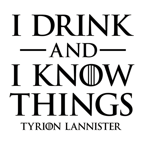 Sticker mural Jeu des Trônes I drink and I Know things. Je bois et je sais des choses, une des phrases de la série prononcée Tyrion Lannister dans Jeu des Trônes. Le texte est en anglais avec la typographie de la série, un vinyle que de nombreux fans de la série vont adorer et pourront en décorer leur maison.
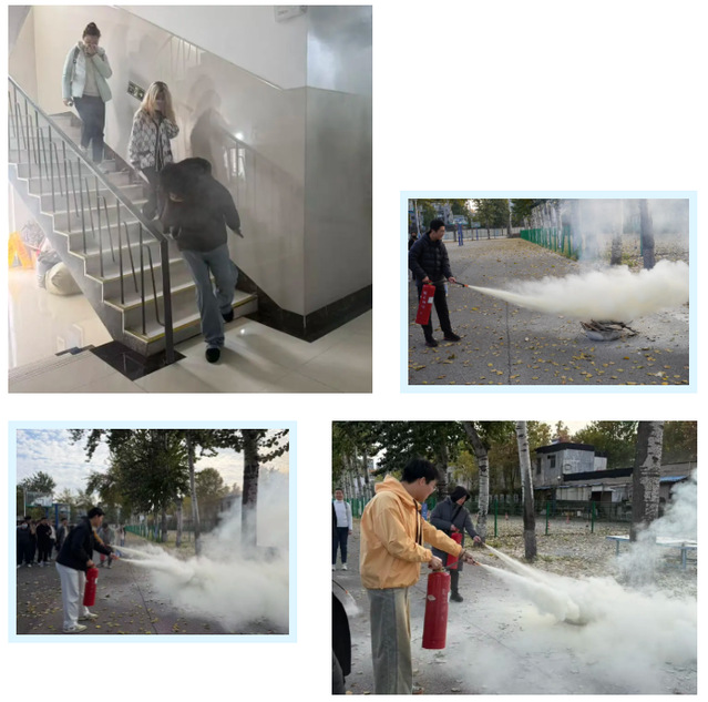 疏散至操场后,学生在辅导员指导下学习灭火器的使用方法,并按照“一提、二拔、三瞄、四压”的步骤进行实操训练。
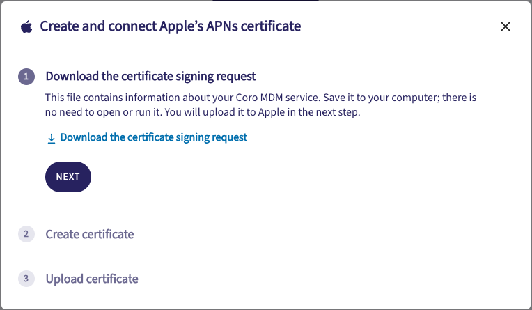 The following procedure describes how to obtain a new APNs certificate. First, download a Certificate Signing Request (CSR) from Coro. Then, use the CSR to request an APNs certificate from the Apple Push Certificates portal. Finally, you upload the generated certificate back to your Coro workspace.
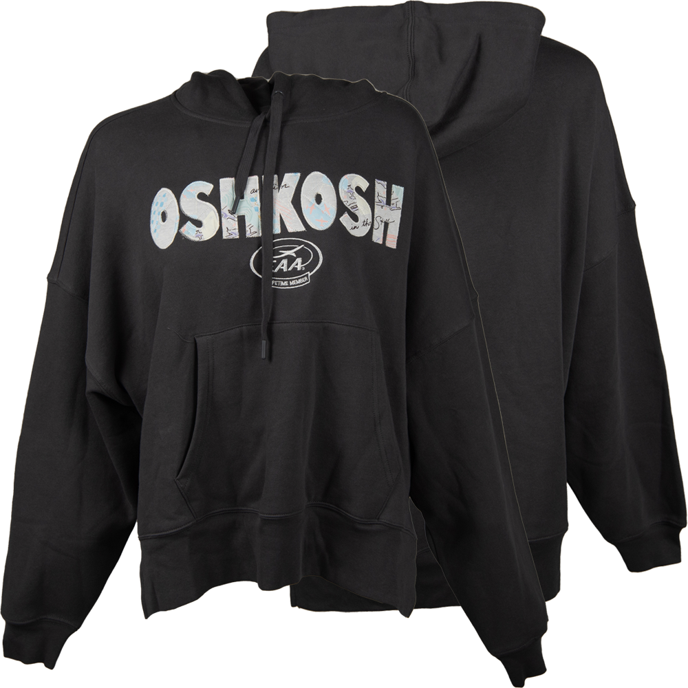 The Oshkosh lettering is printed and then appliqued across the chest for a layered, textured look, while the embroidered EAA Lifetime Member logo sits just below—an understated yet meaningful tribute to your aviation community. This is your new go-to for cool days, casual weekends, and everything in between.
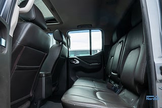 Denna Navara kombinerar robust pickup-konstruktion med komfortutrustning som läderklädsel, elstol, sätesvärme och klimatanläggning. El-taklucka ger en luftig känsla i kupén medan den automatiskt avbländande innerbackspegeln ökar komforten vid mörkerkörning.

※ ※ ※

**What the task asks**
Where the line with "The Oshkosh lettering" appears, begin there and transcribe exactly through the last line of the data, leaving all pictures aside.

**Final answer**
 The Oshkosh lettering is printed and then appliqued across the chest for a layered, textured look, while the embroidered EAA Lifetime Member logo sits just below—an understated yet meaningful tribute to your aviation community. This is your new go-to for cool days, casual weekends, and everything in between.
 Denna Navara kombinerar robust pickup-konstruktion med komfortutrustning som läderklädsel, elstol, sätesvärme och klimatanläggning. El-taklucka ger en luftig känsla i kupén medan den automatiskt avbländande innerbackspegeln ökar komforten vid mörkerkörning.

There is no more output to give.